13 May 2021
Following the first detection of fall armyworm (FAW) in forage sorghum in NSW, North Coast Local Land Services (LLS) and NSW Department of Primary Industries (DPI) are urging producers to monitor crops for signs of FAW.
In NSW, the pest had previously only been seen in maize crops, but has recently been found in forage sorghum in the Cudgen area.
North Coast LLS Land Services Officer Donna Cuthel said while pheromone traps have been set up across the region to monitor populations, producers should be on the lookout for damage to crops.
“Landholders should be looking for windowing of leaves where larvae have hatched and small shot holes as leaves expand, caused by larvae feeding in the developing leaf whorl,” Ms Cuthel said.
“Small larvae are difficult to identify, so we recommend growers keep suspect larvae on host crop leaves and grow them out for a few days until they can be more easily identified through photographs.”
In NSW, Maize has been the preferred food source for FAW since it was detected last year.

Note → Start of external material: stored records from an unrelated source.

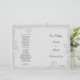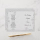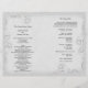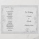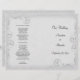 This design features a muted silver patterned background accented by elegant art deco inspired scroll work. Shown here as a customisable wedding program, the text on this versatile design can be personalised for any occasion. We have a variety of colours available!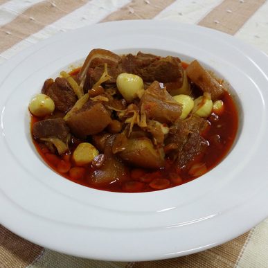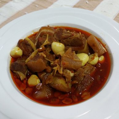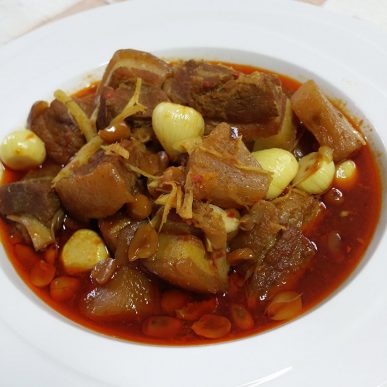 - Thiny slice the chicken or pork 250g and boil until cooked. Peel and cut potato 150g into small cubes and boil until cooked.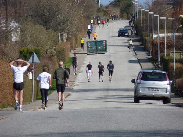 dieser Foto mit Claus Christensen (Läufer links) zeigt deutlich wie steil die Straße ist. Das Foto wurde mit einem Stativ geschossen, welches sonst ganz gerade steht
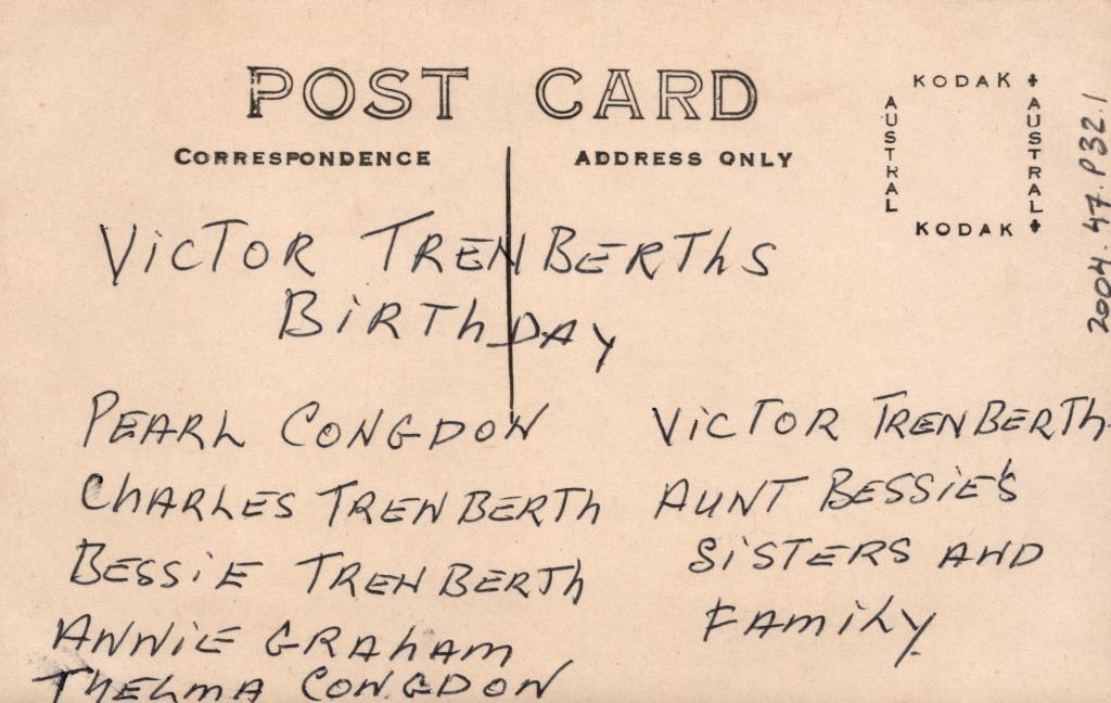Reverse: Written in black pen 'VICTOR TRENBERTHS BIRTHDAY PEARL CONGDON CHARLES TRENBERTH BESSIE TRENBERTH ANNIE GRAHAM THELMA CONGDON VICTOR TRENBERTH AUNT BESSIE'S SISTERS AND FAMILY'.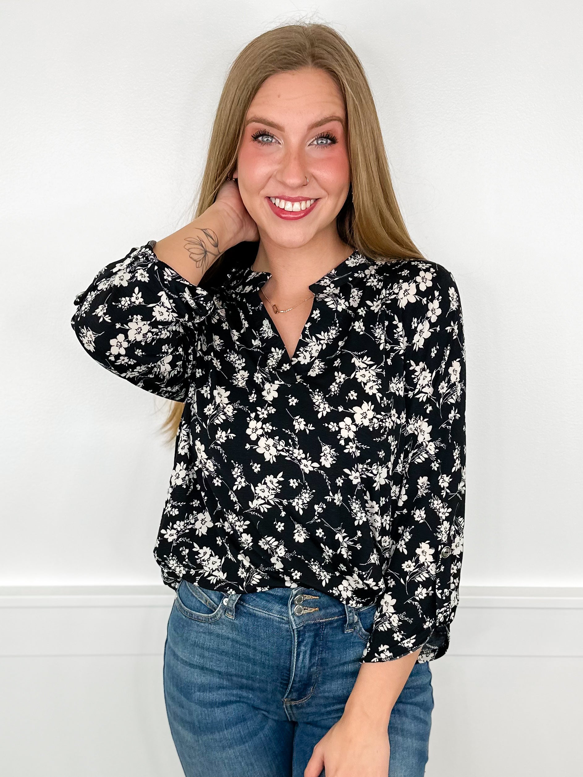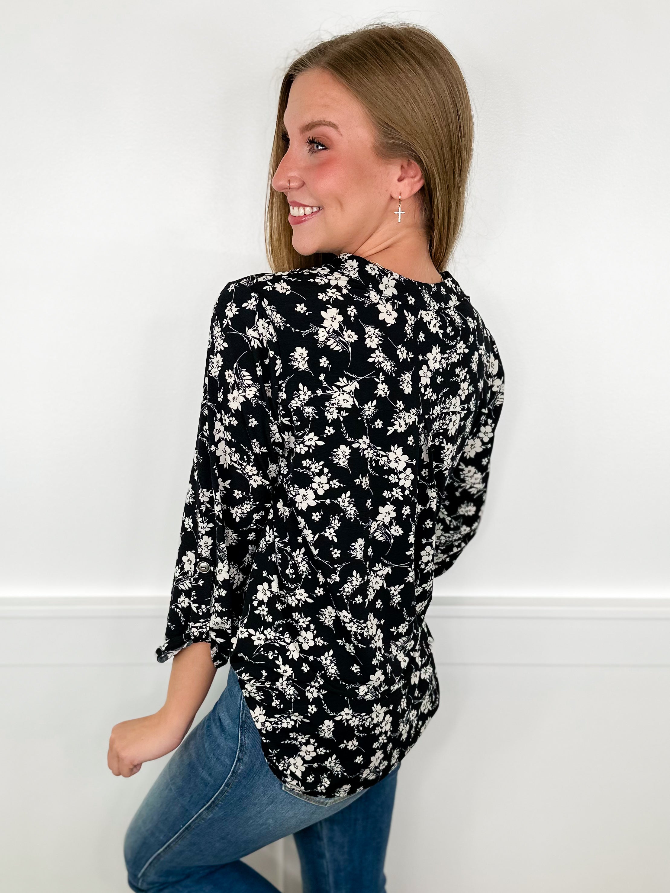 Brighten up your wardrobe with the Dear Scarlett Keep it Light Gabby Top. This playful black top features a charming cream floral pattern and comfortable 3/4 sleeves, perfect for adding a touch of effortless style. Its wrinkle-free fabric keeps you looking fresh all day, whether you're out for brunch or a casual night with friends.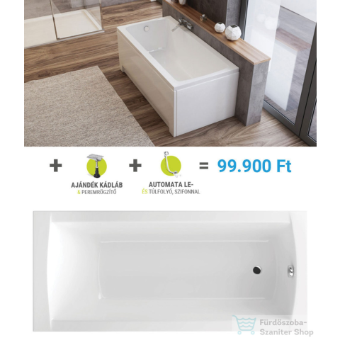 CSOMAGAKCIÓ! Az ár az alábbi termékeket tartalmazza: - M-acryl VIVA 170x70 egyenes kád (12452) - M-acryl kádláb + peremrögzítő (15338) - M-acryl 60 cm-es kád le- és túlfolyó, króm (15200)
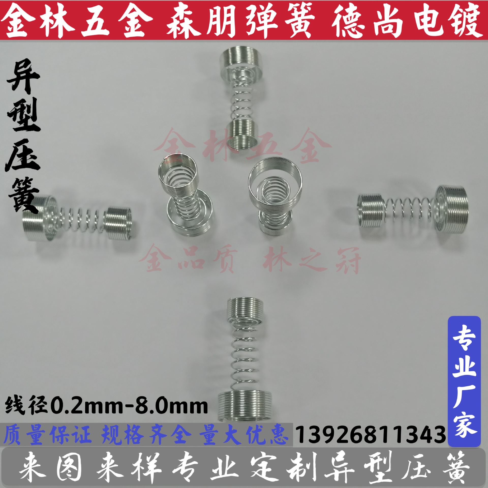 温馨提示:可随意定做任意尺寸弹簧,欢迎来图来样咨询客服。实际价格以跟客服沟通为准。谢谢!!金品质,林之冠。以优良的品质用心的服务让您满意!森朋弹簧有自家专业电镀工厂,多款多色供君挑选。

However, as maize crops are harvested, other crop species, such as sorghum, pulses, winter cereals, sugar cane, rice and cotton, will become more susceptible.
NSW DPI research entomologist Dr Lisa Bird said results from moth trapping activities show that populations are persisting in some locations on the North Coast.
“We are monitoring the situation closely and this will help us understand host preference of FAW during the winter cropping cycle in this region,” Dr Bird said.
“We encourage growers to conduct regular monitoring of forage crops. If sprays are warranted, the use of chemical rotation will reduce the risk of resistance development and optimise the cost of insecticide applications.”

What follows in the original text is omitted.